Os escritórios de advocacia que atendem pessoas físicas vão sentir o impacto. Hoje, grande parte está sujeita a 3,65%. Se forem contratados por empresas que pagam CBS, elas poderão usar como crédito os 12% do tributo – o que não é possível no regime de creditamento hoje já que o serviço de advocacia não é considerado insumo. Já se contratados por pessoa física, não.

“O setor de serviços no Brasil não é homogêneo. Não é todo mundo que tem a mesma carga tributária”, afirma Aldo de Paula Junior. O de telecomunicações, por exemplo, também está sujeito à alíquota de 3,65% e vai passar a 12%. “Os créditos são pequenos nesse setor perto da receita e nunca vão compensar a diferença de 3,65% para 12%”, diz o professor.

Serviços com uso intenso de mão de obra como a área de tecnologia também podem sentir a alíquota. Segundo Edison Fernandes, sócio do escritório FF Advogados, o mercado imobiliário também pode ser afetado. “Os fornecedores tendem a aumentar o preço e a incorporadora vende para a pessoa física, que não toma crédito”, diz.

De acordo com Fernandes, o repasse da CBS nos preços às pessoas físicas pode levar a uma pressão inflacionária. “Essa brincadeira de passar pra frente vai estourar na pessoa física. Cabeleireiro, arquiteto, advogado de pessoa física, vai entrar no preço”, afirma.

Fora da discussão da alíquota há o aumento de responsabilidade no caso de plataformas de venda online como Amazon, Magazine Luiza e similares, que vendem ao consumidor produtos de terceiros. Elas passariam a ser responsáveis pela CBS se o vendedor não emitir nota fiscal, uma responsabilidade que não tem hoje e pode encarecer a operação.

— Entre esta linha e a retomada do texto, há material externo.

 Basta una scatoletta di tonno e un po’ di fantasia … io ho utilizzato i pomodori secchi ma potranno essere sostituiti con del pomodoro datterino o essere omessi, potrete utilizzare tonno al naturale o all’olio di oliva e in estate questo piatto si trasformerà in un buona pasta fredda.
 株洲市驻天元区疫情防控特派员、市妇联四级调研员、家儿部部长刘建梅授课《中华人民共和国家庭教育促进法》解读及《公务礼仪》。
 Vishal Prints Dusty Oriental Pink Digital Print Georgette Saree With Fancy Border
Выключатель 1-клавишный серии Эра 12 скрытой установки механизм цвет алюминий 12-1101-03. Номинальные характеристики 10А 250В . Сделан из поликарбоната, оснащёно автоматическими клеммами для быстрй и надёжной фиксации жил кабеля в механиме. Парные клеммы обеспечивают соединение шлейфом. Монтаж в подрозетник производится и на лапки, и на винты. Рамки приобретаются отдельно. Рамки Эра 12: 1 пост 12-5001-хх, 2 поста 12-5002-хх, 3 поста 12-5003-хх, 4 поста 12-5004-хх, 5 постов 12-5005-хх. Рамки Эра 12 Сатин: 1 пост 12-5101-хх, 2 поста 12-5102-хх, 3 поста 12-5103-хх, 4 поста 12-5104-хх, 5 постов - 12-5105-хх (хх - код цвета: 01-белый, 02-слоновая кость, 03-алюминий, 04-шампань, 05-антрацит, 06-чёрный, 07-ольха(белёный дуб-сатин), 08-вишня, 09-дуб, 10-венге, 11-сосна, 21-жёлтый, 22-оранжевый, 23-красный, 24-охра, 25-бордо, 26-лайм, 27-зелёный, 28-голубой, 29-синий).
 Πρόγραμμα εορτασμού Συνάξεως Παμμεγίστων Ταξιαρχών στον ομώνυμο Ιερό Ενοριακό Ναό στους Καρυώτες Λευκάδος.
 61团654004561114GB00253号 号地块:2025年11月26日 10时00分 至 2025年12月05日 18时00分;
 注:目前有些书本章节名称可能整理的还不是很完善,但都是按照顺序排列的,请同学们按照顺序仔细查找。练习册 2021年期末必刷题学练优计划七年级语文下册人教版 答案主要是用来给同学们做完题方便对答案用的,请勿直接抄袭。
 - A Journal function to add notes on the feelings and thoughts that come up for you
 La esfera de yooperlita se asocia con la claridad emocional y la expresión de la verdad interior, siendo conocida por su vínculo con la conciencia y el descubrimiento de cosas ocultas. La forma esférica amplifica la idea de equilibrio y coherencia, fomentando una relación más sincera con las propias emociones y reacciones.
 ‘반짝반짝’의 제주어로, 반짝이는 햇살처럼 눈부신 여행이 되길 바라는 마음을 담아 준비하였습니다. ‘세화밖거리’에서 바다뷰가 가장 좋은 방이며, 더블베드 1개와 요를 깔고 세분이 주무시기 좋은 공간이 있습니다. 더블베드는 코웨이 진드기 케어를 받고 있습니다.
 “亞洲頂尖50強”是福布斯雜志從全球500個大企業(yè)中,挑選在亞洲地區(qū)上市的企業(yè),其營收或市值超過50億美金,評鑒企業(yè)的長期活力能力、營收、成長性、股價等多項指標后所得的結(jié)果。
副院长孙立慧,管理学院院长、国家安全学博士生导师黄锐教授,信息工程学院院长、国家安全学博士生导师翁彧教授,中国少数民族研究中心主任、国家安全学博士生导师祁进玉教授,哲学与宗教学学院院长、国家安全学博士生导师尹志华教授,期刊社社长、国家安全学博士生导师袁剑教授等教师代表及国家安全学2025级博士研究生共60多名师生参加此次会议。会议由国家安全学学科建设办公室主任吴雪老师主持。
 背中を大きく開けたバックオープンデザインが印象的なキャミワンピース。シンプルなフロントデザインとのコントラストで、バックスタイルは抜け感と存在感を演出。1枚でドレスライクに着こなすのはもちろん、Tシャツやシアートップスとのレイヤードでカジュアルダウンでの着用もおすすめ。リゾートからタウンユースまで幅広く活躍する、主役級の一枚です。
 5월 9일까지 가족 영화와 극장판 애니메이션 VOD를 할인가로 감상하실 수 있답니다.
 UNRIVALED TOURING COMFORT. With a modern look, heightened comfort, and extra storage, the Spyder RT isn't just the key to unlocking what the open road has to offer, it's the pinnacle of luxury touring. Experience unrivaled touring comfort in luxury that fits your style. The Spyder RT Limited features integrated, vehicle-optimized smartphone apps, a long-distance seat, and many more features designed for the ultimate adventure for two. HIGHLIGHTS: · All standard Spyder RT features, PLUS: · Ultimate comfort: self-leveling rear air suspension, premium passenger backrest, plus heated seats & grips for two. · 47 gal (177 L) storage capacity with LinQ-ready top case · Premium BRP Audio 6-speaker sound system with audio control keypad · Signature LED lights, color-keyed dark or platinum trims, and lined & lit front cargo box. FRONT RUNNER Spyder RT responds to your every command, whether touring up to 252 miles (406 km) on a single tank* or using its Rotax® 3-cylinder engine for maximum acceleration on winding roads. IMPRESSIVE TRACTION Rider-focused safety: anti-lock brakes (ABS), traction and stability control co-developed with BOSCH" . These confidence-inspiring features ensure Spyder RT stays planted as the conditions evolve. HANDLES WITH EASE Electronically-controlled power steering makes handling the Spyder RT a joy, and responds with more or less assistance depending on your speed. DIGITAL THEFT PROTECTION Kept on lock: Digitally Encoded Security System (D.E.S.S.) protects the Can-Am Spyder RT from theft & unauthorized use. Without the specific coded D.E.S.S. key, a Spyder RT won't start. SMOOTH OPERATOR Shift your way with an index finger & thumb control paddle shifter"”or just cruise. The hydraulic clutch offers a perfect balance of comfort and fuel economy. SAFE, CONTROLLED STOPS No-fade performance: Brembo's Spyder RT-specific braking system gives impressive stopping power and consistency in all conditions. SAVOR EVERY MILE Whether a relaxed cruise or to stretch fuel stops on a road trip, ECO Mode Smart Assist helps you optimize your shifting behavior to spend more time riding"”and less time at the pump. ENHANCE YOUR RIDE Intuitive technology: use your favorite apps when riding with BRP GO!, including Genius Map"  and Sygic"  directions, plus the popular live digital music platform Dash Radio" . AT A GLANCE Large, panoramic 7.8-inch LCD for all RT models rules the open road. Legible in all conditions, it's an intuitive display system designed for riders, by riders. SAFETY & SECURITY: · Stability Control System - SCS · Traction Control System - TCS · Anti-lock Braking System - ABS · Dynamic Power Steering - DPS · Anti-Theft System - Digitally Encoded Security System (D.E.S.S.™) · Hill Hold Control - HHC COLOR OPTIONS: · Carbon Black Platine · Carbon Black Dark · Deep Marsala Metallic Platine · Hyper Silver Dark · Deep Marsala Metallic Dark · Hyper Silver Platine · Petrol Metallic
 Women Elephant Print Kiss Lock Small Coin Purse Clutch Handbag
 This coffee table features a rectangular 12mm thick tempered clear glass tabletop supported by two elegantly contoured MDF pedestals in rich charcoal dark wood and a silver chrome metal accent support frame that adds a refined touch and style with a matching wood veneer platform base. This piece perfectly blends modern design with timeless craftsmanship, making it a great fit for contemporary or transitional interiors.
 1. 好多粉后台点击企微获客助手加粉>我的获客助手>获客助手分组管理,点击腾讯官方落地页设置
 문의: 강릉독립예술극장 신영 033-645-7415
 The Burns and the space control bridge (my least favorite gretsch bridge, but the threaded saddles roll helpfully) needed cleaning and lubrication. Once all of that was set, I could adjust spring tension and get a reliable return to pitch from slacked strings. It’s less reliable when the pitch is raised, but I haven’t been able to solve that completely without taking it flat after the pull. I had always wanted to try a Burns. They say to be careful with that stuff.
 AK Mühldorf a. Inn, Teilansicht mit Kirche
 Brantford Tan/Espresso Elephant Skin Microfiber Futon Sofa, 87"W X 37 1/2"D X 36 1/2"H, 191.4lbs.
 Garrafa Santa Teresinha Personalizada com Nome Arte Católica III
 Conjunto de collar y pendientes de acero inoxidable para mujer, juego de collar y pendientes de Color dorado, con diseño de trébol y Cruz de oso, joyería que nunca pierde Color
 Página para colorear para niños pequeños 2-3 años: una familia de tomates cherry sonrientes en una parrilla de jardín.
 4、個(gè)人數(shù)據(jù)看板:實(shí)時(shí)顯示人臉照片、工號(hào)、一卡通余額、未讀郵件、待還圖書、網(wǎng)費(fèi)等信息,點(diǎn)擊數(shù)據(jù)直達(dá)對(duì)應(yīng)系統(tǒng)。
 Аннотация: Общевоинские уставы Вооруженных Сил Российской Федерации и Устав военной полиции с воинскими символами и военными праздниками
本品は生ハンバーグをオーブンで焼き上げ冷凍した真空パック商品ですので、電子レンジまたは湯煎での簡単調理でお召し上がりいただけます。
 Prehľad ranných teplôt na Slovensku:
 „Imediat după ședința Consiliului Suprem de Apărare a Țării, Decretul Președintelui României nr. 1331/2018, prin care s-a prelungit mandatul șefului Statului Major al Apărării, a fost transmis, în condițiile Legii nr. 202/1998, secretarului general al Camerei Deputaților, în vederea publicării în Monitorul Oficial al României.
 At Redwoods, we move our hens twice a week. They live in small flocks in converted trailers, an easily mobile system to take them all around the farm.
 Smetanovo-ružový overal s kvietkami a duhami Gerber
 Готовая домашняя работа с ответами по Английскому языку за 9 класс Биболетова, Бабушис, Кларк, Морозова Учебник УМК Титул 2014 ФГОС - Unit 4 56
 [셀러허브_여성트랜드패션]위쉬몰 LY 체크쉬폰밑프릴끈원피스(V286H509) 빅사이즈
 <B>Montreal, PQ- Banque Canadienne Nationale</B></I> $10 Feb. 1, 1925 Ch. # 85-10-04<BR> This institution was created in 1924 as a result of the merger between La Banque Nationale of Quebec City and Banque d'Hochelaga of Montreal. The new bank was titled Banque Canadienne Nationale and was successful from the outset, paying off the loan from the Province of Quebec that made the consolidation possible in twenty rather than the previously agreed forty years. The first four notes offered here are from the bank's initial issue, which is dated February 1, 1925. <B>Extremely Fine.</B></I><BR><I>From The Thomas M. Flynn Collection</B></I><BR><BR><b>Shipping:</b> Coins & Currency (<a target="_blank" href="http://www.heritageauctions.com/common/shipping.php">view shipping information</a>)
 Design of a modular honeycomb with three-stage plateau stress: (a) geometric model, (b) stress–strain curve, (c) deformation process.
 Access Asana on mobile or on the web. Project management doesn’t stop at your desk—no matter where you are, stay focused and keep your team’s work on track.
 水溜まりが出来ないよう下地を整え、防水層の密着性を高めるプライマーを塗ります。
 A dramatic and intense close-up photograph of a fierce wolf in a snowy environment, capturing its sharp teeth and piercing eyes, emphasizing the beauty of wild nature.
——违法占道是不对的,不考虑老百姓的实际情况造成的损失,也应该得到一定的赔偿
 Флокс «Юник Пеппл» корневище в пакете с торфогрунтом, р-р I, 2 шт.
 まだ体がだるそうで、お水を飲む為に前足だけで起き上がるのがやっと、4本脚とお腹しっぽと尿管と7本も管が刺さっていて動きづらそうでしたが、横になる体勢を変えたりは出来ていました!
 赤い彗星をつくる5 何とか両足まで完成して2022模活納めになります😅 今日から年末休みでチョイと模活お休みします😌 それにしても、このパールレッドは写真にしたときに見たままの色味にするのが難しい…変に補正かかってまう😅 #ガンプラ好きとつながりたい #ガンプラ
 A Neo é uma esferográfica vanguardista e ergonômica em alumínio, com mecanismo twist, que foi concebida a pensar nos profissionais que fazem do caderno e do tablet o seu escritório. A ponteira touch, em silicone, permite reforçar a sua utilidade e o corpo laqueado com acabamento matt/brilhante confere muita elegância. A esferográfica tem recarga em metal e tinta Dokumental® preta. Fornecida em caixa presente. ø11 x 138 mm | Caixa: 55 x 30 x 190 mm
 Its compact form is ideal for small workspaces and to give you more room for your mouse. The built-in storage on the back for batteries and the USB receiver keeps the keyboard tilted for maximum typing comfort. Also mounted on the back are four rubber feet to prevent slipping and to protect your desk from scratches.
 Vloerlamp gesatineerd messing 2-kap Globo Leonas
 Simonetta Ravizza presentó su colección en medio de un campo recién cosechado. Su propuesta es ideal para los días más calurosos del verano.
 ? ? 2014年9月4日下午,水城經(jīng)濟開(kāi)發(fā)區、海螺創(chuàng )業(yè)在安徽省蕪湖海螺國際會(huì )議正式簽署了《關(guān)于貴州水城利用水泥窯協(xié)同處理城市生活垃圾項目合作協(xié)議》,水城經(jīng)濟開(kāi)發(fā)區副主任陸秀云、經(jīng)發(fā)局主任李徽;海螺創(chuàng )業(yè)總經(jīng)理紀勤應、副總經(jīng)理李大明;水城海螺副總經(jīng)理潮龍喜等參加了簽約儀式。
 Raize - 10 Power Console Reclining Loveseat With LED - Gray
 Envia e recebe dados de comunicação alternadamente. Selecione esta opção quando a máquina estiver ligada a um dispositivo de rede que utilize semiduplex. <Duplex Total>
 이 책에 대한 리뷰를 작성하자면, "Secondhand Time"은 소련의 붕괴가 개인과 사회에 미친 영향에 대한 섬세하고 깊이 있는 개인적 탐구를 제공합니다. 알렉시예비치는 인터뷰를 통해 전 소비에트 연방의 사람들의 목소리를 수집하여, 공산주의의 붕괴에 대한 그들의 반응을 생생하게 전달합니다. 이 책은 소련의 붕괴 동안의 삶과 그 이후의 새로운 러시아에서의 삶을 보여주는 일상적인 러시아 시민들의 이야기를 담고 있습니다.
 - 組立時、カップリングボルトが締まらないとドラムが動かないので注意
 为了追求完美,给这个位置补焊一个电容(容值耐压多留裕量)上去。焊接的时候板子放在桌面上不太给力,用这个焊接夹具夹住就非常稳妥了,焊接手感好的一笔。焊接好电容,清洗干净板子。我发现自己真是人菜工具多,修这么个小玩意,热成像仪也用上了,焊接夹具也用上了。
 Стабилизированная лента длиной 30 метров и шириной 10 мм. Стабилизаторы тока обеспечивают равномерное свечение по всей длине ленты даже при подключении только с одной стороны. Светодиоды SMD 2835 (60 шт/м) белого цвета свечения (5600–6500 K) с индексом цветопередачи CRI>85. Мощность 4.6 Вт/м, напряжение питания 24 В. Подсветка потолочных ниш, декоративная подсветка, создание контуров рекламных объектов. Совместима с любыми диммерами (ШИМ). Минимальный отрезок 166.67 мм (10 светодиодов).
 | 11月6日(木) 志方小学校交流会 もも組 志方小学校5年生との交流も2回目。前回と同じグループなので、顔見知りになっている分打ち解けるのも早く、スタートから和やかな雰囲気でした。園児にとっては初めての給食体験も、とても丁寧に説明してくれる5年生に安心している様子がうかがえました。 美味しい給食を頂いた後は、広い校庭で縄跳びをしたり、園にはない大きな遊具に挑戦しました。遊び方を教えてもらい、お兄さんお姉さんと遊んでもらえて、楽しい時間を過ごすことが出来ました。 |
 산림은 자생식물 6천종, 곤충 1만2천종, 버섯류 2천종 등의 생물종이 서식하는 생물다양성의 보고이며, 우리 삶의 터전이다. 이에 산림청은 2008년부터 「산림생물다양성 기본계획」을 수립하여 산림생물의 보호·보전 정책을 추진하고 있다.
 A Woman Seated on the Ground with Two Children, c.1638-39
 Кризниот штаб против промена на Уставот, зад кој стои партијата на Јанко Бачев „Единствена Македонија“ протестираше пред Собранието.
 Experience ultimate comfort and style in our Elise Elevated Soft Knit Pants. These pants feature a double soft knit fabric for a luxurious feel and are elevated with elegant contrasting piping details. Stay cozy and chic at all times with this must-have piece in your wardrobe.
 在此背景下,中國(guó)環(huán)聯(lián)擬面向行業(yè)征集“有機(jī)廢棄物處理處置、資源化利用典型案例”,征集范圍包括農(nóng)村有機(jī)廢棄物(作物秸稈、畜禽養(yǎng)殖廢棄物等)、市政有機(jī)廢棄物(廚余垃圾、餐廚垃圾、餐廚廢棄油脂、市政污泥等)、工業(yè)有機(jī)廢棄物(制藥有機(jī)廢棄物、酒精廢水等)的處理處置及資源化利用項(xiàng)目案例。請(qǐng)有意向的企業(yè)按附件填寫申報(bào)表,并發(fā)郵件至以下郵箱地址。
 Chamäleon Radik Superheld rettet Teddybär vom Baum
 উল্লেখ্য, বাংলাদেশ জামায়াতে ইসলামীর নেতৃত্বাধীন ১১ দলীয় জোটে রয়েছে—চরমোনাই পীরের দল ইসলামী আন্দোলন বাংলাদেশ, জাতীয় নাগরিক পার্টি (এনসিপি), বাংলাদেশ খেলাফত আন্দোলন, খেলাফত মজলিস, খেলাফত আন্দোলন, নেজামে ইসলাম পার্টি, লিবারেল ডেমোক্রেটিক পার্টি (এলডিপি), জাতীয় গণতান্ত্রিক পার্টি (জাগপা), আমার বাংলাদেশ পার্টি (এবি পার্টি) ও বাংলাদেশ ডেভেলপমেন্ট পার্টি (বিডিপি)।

“A boa notícia é que é uma mudança de cultura tributária brasileira”, afirma Fernandes. “Agora você tem um imposto por fora, o que é transparente e neutro do ponto de vista do preço. Não preciso fazer contas malucas para embutir o tributo no preço”, afirma. O tributarista acredita que o ambiente fiscal das empresas vai ficar mais fácil mas se preocupa com a alíquota final.

“Inicialmente achei 12% razoável. Mas se pensarmos que é o primeiro passo para chegar ao IBS [Imposto sobre Bens e Serviços] depois, imagina a alíquota final”, afirma, referindo-se ao imposto que pode reunir, além do PIS e da Cofins, o IPI federal, o ICMS estadual e o ISS estadual. O tributarista estima que será mais próxima de 30% do que 25%. “A calibragem (em uma reforma tributária) sempre é pra mais. Já vimos isso quando veio o regime não cumulativo, nos anos 2000.”